(ACTION ITEM) Up to and including the line that contains "Cross-Border European and", repeat each line of the data exactly, starting from the first.

(Records from a collection)
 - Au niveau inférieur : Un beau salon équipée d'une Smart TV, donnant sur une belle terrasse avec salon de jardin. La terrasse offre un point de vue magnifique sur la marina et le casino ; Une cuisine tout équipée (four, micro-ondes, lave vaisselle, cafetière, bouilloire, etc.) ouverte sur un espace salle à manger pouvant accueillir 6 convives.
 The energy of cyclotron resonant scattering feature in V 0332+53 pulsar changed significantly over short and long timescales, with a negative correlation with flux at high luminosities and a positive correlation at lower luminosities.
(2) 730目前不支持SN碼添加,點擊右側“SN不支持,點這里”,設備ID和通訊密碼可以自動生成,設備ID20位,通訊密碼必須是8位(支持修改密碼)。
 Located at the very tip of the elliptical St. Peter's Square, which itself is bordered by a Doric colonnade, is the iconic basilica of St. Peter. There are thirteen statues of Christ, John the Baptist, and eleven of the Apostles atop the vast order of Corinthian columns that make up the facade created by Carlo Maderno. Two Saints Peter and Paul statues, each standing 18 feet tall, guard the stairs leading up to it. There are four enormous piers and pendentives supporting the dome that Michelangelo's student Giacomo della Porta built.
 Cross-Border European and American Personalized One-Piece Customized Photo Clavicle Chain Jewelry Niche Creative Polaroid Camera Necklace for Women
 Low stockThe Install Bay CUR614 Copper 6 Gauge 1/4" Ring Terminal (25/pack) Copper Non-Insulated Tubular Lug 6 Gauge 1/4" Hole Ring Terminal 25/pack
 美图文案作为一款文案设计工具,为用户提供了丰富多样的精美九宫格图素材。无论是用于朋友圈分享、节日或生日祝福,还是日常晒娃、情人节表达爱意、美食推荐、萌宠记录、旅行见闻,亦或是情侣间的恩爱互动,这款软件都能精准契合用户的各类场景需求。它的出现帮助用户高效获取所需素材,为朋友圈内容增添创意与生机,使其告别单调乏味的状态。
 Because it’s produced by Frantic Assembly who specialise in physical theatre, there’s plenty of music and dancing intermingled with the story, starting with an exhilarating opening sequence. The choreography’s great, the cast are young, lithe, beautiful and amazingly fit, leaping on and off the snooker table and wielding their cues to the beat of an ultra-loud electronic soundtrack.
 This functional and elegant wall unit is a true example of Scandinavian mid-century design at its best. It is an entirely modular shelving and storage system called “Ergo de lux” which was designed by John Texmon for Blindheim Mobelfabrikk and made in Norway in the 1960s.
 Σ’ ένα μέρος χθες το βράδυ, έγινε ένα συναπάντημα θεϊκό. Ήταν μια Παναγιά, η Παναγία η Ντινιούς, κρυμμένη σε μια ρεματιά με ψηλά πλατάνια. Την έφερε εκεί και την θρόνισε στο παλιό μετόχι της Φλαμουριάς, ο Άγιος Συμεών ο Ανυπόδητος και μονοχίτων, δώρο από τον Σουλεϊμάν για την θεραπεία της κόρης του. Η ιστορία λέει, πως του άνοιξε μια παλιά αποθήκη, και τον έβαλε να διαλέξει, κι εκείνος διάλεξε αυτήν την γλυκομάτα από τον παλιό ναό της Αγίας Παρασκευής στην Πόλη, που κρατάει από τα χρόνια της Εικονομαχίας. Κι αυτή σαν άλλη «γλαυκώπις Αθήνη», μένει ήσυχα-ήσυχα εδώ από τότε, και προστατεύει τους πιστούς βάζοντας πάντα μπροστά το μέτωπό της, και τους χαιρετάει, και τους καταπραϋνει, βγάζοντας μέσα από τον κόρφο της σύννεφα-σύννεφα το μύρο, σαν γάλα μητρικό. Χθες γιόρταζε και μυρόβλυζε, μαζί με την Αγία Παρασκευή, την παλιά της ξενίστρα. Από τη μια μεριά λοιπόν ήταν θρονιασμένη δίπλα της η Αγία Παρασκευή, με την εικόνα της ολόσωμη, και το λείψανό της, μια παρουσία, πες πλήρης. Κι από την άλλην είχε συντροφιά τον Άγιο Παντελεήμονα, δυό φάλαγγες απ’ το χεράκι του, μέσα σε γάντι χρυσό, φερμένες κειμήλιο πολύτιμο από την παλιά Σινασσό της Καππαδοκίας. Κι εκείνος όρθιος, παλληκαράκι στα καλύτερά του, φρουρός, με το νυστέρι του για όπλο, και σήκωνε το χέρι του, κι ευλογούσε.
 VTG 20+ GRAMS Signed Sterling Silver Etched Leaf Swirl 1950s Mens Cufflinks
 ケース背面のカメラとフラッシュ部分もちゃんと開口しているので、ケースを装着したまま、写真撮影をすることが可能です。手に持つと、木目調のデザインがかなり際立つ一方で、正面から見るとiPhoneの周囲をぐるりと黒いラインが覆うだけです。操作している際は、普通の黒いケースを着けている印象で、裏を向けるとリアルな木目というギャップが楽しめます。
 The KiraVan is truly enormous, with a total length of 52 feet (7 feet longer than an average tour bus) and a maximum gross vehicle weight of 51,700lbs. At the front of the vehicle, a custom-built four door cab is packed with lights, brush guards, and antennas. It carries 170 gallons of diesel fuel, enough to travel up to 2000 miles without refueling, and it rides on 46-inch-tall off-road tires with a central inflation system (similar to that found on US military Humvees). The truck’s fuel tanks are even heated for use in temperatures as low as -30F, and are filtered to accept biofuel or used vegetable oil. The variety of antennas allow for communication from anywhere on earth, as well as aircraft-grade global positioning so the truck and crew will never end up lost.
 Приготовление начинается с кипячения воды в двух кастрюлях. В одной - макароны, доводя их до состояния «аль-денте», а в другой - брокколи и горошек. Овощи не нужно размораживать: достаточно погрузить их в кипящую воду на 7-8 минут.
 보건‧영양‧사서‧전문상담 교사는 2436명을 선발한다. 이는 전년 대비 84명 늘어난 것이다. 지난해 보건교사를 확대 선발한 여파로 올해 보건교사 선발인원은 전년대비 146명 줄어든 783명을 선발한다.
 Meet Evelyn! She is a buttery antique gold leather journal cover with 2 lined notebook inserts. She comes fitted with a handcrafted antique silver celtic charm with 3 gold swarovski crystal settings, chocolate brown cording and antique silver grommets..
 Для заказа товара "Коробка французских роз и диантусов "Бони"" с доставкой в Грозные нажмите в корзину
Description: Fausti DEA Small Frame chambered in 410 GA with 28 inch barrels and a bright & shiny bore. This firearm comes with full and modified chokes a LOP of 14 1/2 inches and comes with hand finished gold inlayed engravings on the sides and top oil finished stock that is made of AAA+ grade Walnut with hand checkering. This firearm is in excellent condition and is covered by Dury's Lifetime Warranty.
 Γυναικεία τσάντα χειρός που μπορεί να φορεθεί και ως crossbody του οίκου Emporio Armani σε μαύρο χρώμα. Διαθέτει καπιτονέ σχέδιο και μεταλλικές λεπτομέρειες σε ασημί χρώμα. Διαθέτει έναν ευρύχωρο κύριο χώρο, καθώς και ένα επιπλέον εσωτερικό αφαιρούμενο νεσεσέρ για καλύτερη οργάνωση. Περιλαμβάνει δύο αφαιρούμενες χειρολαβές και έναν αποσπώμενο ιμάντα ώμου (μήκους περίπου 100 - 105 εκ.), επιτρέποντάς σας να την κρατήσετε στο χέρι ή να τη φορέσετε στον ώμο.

(SOLUTION BELOW)
 - Au niveau inférieur : Un beau salon équipée d'une Smart TV, donnant sur une belle terrasse avec salon de jardin. La terrasse offre un point de vue magnifique sur la marina et le casino ; Une cuisine tout équipée (four, micro-ondes, lave vaisselle, cafetière, bouilloire, etc.) ouverte sur un espace salle à manger pouvant accueillir 6 convives.
 The energy of cyclotron resonant scattering feature in V 0332+53 pulsar changed significantly over short and long timescales, with a negative correlation with flux at high luminosities and a positive correlation at lower luminosities.
(2) 730目前不支持SN碼添加,點擊右側“SN不支持,點這里”,設備ID和通訊密碼可以自動生成,設備ID20位,通訊密碼必須是8位(支持修改密碼)。
 Located at the very tip of the elliptical St. Peter's Square, which itself is bordered by a Doric colonnade, is the iconic basilica of St. Peter. There are thirteen statues of Christ, John the Baptist, and eleven of the Apostles atop the vast order of Corinthian columns that make up the facade created by Carlo Maderno. Two Saints Peter and Paul statues, each standing 18 feet tall, guard the stairs leading up to it. There are four enormous piers and pendentives supporting the dome that Michelangelo's student Giacomo della Porta built.
 Cross-Border European and American Personalized One-Piece Customized Photo Clavicle Chain Jewelry Niche Creative Polaroid Camera Necklace for Women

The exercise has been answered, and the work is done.